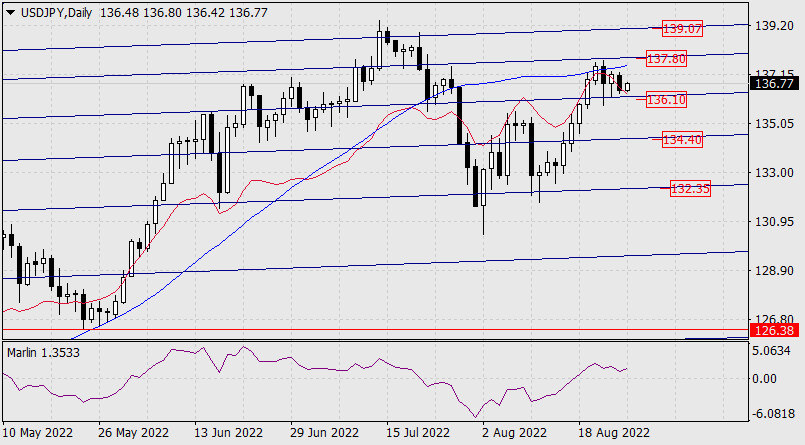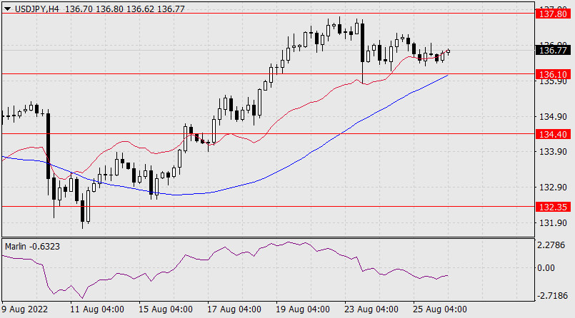 Прогноз по USD/JPY на 26 августа 2022 годаИнстаФорекс - Instaforex, 3 года назад Вчера пара USD/JPY снизилась на 65 пунктов, но атаковать поддержку ближайшей линии ценового канала не решилась. Сегодня в азиатскую сессию цена пытается подрасти, и пока непонятно насколько серьёзно её намерение выйти над сопротивление верхней вложенной линии ценового канала в области 137.80. Сопротивление усиливается индикаторной линией Крузенштерна.
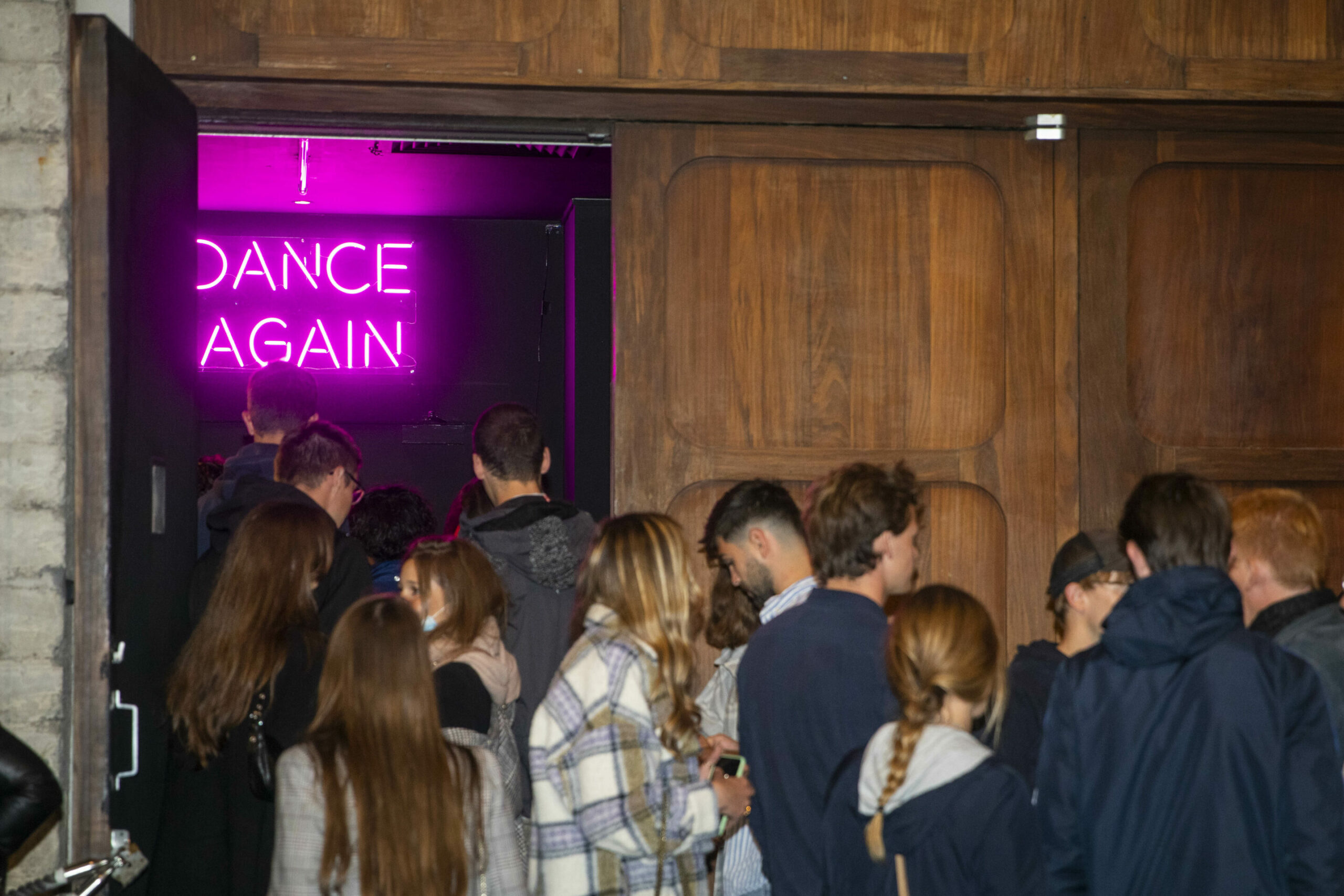 Illustration shows people queuing outside a nightclub in Brussels, Friday 01 October 2021. Credit: Belga
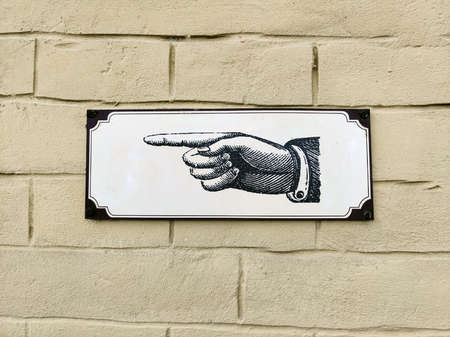 A sign with a hand drawn pointing a direction. Brick wall in the background
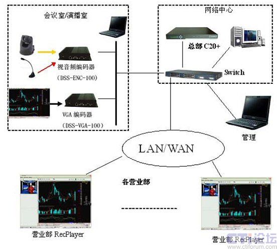 在分析了華安證券的實際需求和網(wǎng)絡(luò)環(huán)境以后,決定采用一套DSS-R-C20+來組建整個流媒體系統(tǒng)。系統(tǒng)由媒體采集系統(tǒng)視音頻編碼器(DSS-ENC-100)/VGA編碼器(DSS-ENC-100),流媒體處理和錄制系統(tǒng)(C20+)和客戶端RecPlayer組成。通過此系統(tǒng)可以實現(xiàn)語音、視頻和計算機(jī)桌面的同步實時直播、錄制和點(diǎn)播。系統(tǒng)的結(jié)構(gòu)圖如下:
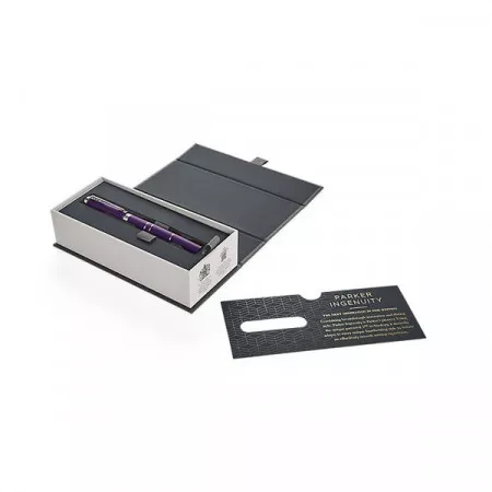 5TH Parker Ingenuity Deluxe Blue Violet CT Slim, hrot F. Tělo a víčko z eloxovaného hliníku, zdobné prvky na těle a úchopové části vytvořené laserem a leptáním. V kombinaci s doplňky pokovenými chromem.
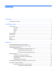 Kazalo A administratorska lozinka stvaranje 70 unos 70 upravljanje 70 akcijske tipke glasnoća 32 antene bežičnih uređaja, prepoznavanje 13 audiofunkcije, provjeravanje audioznačajke 31 brojčane tipkovnice, prepoznavanje 25, 26 C Computer Setup kretanje i odabir 77 lozinke postavljene u 69 vraćanje tvorničkih postavki 78 33 B baterija napajanje 39 niske razine napunjenosti baterije 43 odlaganje u otpad 45 pohranjivanje 44 punjenje 42 štednja energije 44 temperatura 44 uklanjanje 41 umetanje 41 vijek traja
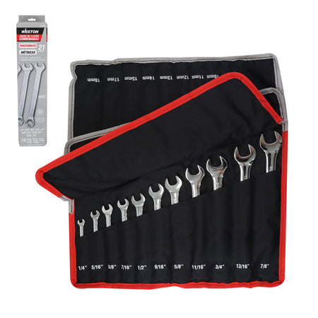 JUEGO DE LLAVES COMBINADAS CrV PULIDO ESPEJO FRACCIONALES & METRICAS 21 PZS 1/4" - 7/8" & 8MM - 18MM, WESTON
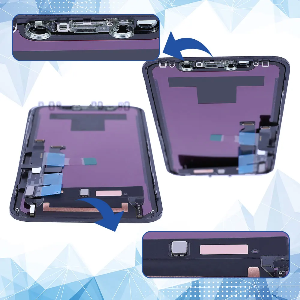 1. Детали: внешнее стекло + ЖК-экран + сенсорная панель дигитайзера + Переднее кольцо для камеры + Датчик-светильник + Пыленепроницаемая сетка для ушей, предварительно собранная.2. Подходит для iPhone X/XR/XS MAX.3. Контроль качества: Каждый экран был протестирован перед отправкой и работает на 100%.4. Посылка: поставляется с антистатической сумкой + пузырчатой сумкой, безопасной упаковкой.5. Гарантия: мы предлагаем пожизненную гарантию (гарантия аннулируется, если ЖК-дисплей/гибкий кабель/Рама повреждена после установки или во время установки).
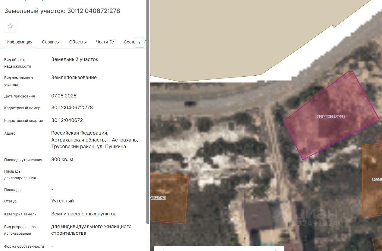 Земельный участок площадью 800 кв.м., расположенный по адресу: Российская Федерация, Астраханская область, г. Астрахань, Трусовский район, ул. Пушкина с кадастровым номером 30:12:040672:278 с видом разрешенного использования - для индивидуального жилищного строительства
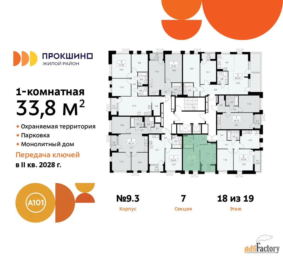Квартира находится в корпусе 9.3. Дом монолитный, одноподъездный, высотой 19 этажей. На этаже 9 квартир. В подъезде 1 пассажирский и 1 грузовой лифт. Начало строительства - 3 квартал 2025 года. Окончание строительства - 4 квартал 2027 года. Оформление сделки по договору долевого участия.
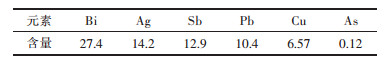 图 1 XRD分析结果可以看出,铋、锑、铜、铅大部分是以氧化物形式存在,少量以合金形式存在,银以单质或合金形式存在.
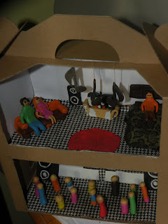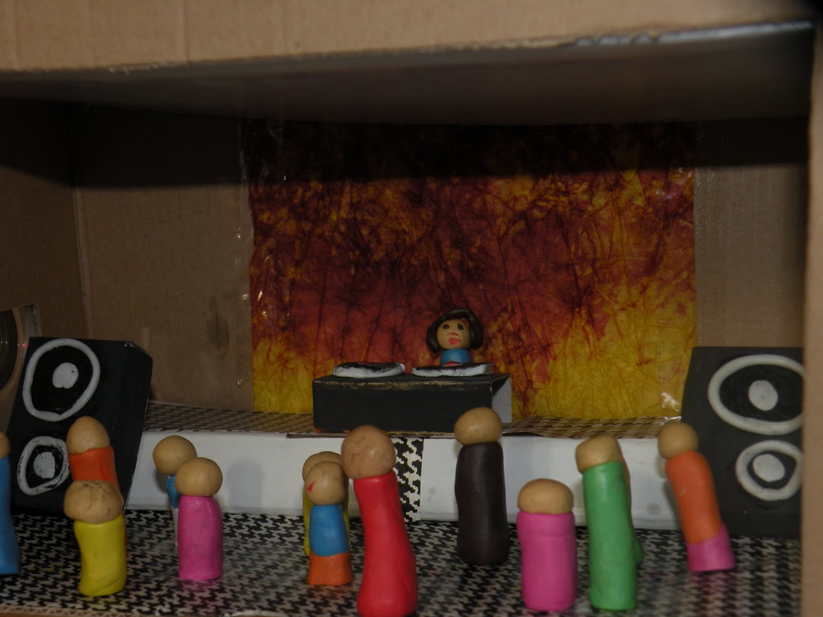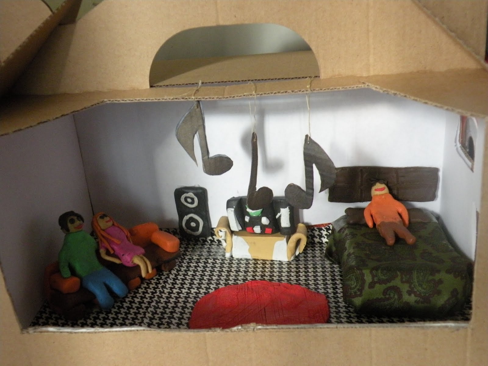 Ensuite, nous avons choisi de faire, comme un autre produit final, une maquette en carton. Nous l'avons construite, sur deux niveaux: au rez-de-chaussée il y a un concert et à l'étage se trouve un adolescent qui se détend avec ses amis, en écoutant de la musique, à la maison. Nous avons eu l'intention de mettre en évidence le fait qu'on peut trouver la musique presque partout, qu'elle fait partie de nos vies. C'est pourquoi nous l'avons appelée " Boite de la musique".

□ □ □ □ □ □ □

> [WHAT TO DO] Could you transcribe the material above exactly, keeping every picture out?

> [RESPONSE BELOW]
 Прогноз по USD/JPY на 26 августа 2022 годаИнстаФорекс - Instaforex, 3 года назад Вчера пара USD/JPY снизилась на 65 пунктов, но атаковать поддержку ближайшей линии ценового канала не решилась. Сегодня в азиатскую сессию цена пытается подрасти, и пока непонятно насколько серьёзно её намерение выйти над сопротивление верхней вложенной линии ценового канала в области 137.80. Сопротивление усиливается индикаторной линией Крузенштерна.
 Illustration shows people queuing outside a nightclub in Brussels, Friday 01 October 2021. Credit: Belga
 A sign with a hand drawn pointing a direction. Brick wall in the background
 在分析了華安證券的實際需求和網(wǎng)絡(luò)環(huán)境以后,決定采用一套DSS-R-C20+來組建整個流媒體系統(tǒng)。系統(tǒng)由媒體采集系統(tǒng)視音頻編碼器(DSS-ENC-100)/VGA編碼器(DSS-ENC-100),流媒體處理和錄制系統(tǒng)(C20+)和客戶端RecPlayer組成。通過此系統(tǒng)可以實現(xiàn)語音、視頻和計算機(jī)桌面的同步實時直播、錄制和點(diǎn)播。系統(tǒng)的結(jié)構(gòu)圖如下:
 5TH Parker Ingenuity Deluxe Blue Violet CT Slim, hrot F. Tělo a víčko z eloxovaného hliníku, zdobné prvky na těle a úchopové části vytvořené laserem a leptáním. V kombinaci s doplňky pokovenými chromem.
 Kazalo A administratorska lozinka stvaranje 70 unos 70 upravljanje 70 akcijske tipke glasnoća 32 antene bežičnih uređaja, prepoznavanje 13 audiofunkcije, provjeravanje audioznačajke 31 brojčane tipkovnice, prepoznavanje 25, 26 C Computer Setup kretanje i odabir 77 lozinke postavljene u 69 vraćanje tvorničkih postavki 78 33 B baterija napajanje 39 niske razine napunjenosti baterije 43 odlaganje u otpad 45 pohranjivanje 44 punjenje 42 štednja energije 44 temperatura 44 uklanjanje 41 umetanje 41 vijek traja
 JUEGO DE LLAVES COMBINADAS CrV PULIDO ESPEJO FRACCIONALES & METRICAS 21 PZS 1/4" - 7/8" & 8MM - 18MM, WESTON
 1. Детали: внешнее стекло + ЖК-экран + сенсорная панель дигитайзера + Переднее кольцо для камеры + Датчик-светильник + Пыленепроницаемая сетка для ушей, предварительно собранная.2. Подходит для iPhone X/XR/XS MAX.3. Контроль качества: Каждый экран был протестирован перед отправкой и работает на 100%.4. Посылка: поставляется с антистатической сумкой + пузырчатой сумкой, безопасной упаковкой.5. Гарантия: мы предлагаем пожизненную гарантию (гарантия аннулируется, если ЖК-дисплей/гибкий кабель/Рама повреждена после установки или во время установки).
 Земельный участок площадью 800 кв.м., расположенный по адресу: Российская Федерация, Астраханская область, г. Астрахань, Трусовский район, ул. Пушкина с кадастровым номером 30:12:040672:278 с видом разрешенного использования - для индивидуального жилищного строительства
Квартира находится в корпусе 9.3. Дом монолитный, одноподъездный, высотой 19 этажей. На этаже 9 квартир. В подъезде 1 пассажирский и 1 грузовой лифт. Начало строительства - 3 квартал 2025 года. Окончание строительства - 4 квартал 2027 года. Оформление сделки по договору долевого участия.
 图 1 XRD分析结果可以看出,铋、锑、铜、铅大部分是以氧化物形式存在,少量以合金形式存在,银以单质或合金形式存在.
 Ensuite, nous avons choisi de faire, comme un autre produit final, une maquette en carton. Nous l'avons construite, sur deux niveaux: au rez-de-chaussée il y a un concert et à l'étage se trouve un adolescent qui se détend avec ses amis, en écoutant de la musique, à la maison. Nous avons eu l'intention de mettre en évidence le fait qu'on peut trouver la musique presque partout, qu'elle fait partie de nos vies. C'est pourquoi nous l'avons appelée " Boite de la musique".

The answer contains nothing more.